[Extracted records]
━━━━━━━━━━━━━━━━

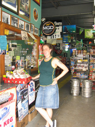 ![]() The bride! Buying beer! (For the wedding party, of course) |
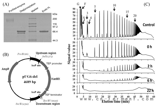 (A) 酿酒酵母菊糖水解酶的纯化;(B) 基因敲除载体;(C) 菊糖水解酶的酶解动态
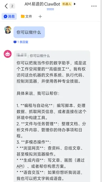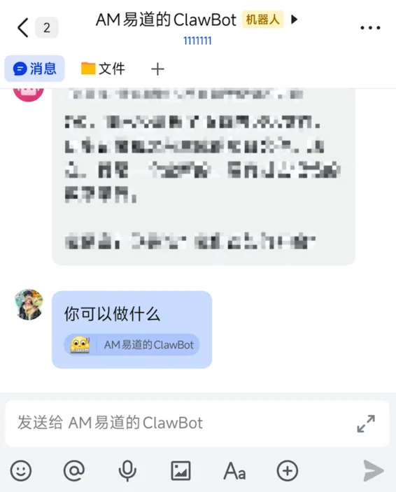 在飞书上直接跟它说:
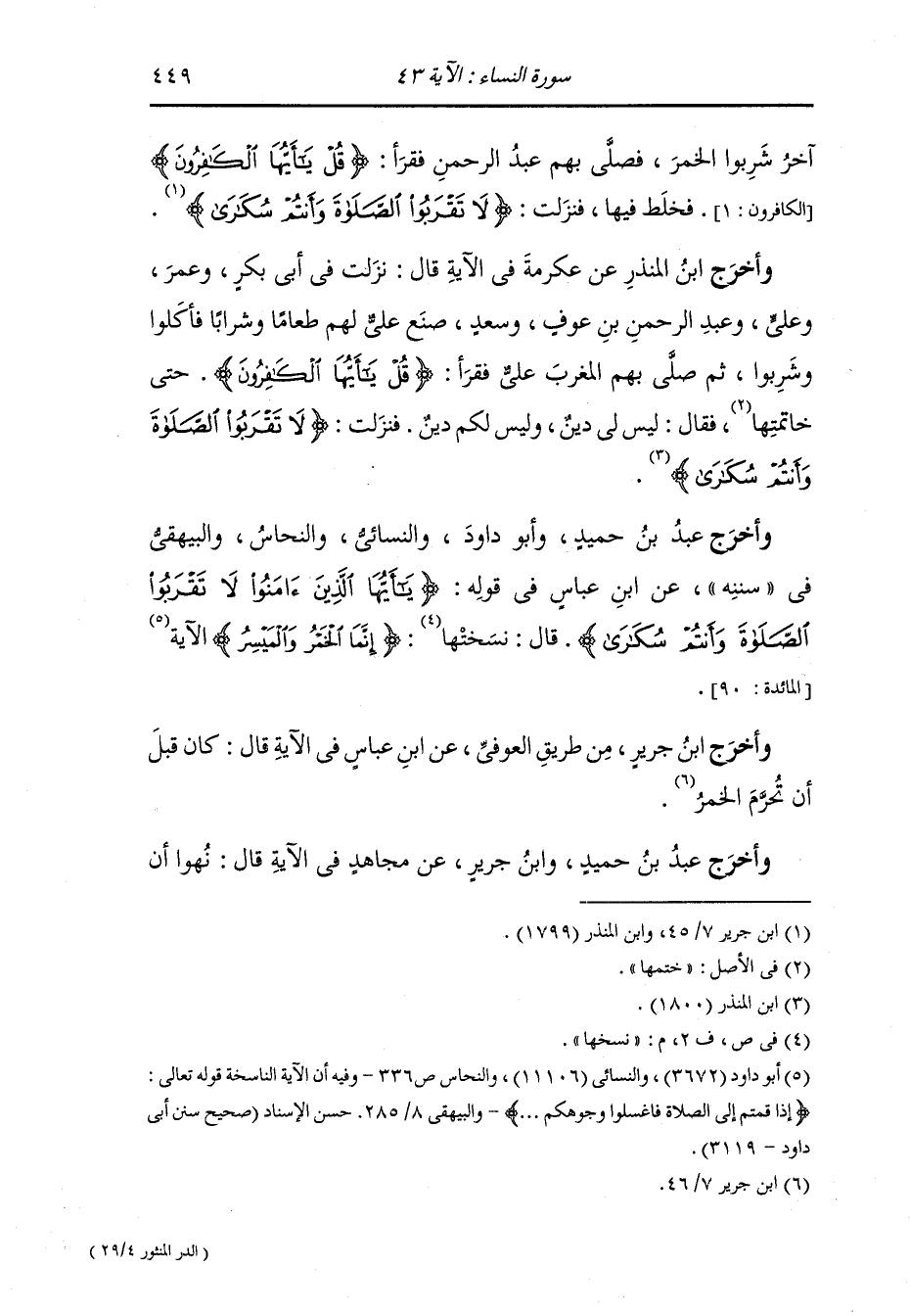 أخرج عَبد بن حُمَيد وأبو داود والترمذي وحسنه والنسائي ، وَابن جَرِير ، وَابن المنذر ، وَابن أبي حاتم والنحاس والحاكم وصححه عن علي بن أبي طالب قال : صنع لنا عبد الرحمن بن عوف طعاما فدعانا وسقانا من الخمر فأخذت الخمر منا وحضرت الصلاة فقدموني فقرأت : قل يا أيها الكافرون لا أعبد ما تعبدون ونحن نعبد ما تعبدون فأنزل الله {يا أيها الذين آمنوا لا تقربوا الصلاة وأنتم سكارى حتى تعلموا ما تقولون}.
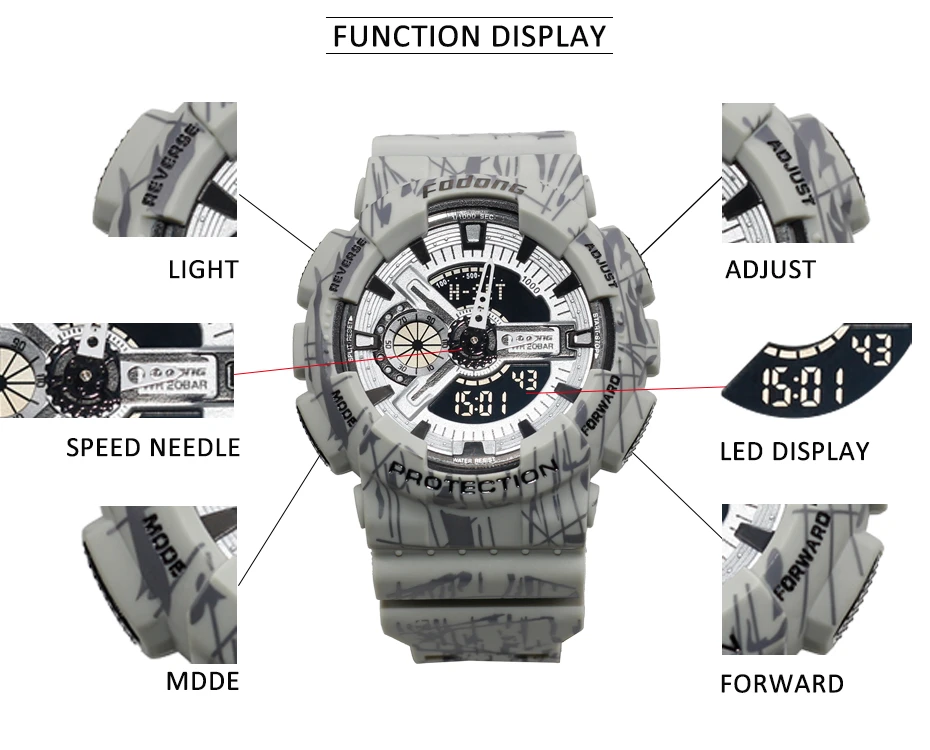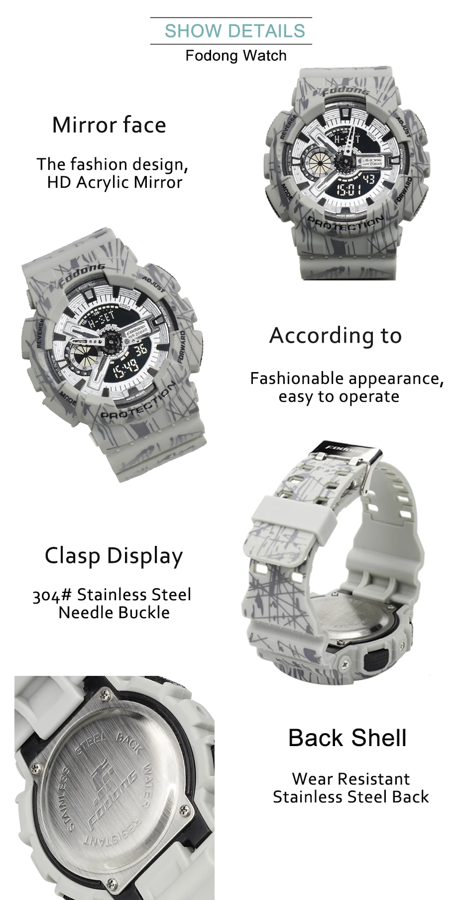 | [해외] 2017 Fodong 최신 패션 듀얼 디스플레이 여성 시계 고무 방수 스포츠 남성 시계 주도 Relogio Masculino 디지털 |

━━━━━━━━━━━━━━━━

The lines to retype run from the one containing "أخرج عَبد بن" through the last line of the records above; write them exactly and skip the pictures.

#### Finished exercise:
 أخرج عَبد بن حُمَيد وأبو داود والترمذي وحسنه والنسائي ، وَابن جَرِير ، وَابن المنذر ، وَابن أبي حاتم والنحاس والحاكم وصححه عن علي بن أبي طالب قال : صنع لنا عبد الرحمن بن عوف طعاما فدعانا وسقانا من الخمر فأخذت الخمر منا وحضرت الصلاة فقدموني فقرأت : قل يا أيها الكافرون لا أعبد ما تعبدون ونحن نعبد ما تعبدون فأنزل الله {يا أيها الذين آمنوا لا تقربوا الصلاة وأنتم سكارى حتى تعلموا ما تقولون}.
 | [해외] 2017 Fodong 최신 패션 듀얼 디스플레이 여성 시계 고무 방수 스포츠 남성 시계 주도 Relogio Masculino 디지털 |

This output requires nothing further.